投稿: 稜 | 2007年11月22日 (木) 07:37
連続の登場、ありがとうございます。
こちらこそよろしく。楽しみです。
投稿: かりもん | 2007年11月22日 (木) 17:52
かりもん先生のお母様には本当にお世話になっています。
つい、先日、娘の事でわざわざお電話を戴きました。お元気そうなお声で嬉しかったです。娘は事故に遭い、翌日には背骨の手術の予定が入っていました。結局手術はしない事になったのですが、其の時は、リスクがあるから明日は今生の別れかも知れないと身構えていたものです。かりもん先生のお母様の明るいお声を聞いていて肩肘のつっぱりがとれた気がしました。自性を忘れていたのでしょう。遅ればせながら、「お誕生日、おめでとうございます。どうぞお元気でいて下さいませ。」とお伝えくださいませ。

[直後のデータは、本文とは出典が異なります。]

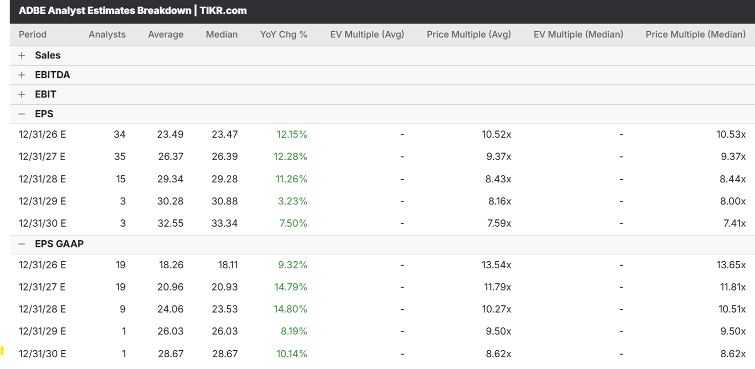I am not as impressed by the buyback as some other value investors because I fundamentally believe that financial engineering is not a strategy. I do not have faith that Adobe can both spark organic growth (note that consensus revenue estimates are forecasting less than 10% YoY top-line growth between 2026 and the foreseeable future) and avoid being further disrupted by AI products.

投稿: チャン | 2007年11月27日 (火) 12:27
チャンさん、再び、WELLcomeですね。
ありがとうごさます。
「おめでどうございます」といったあとからの事故。まさに、無常迅速。おめでたいことが一瞬にして、心配事になるわけですからね。でも、最悪の深刻な事態にならず、なによりでした。どうぞ、お大事にしてください。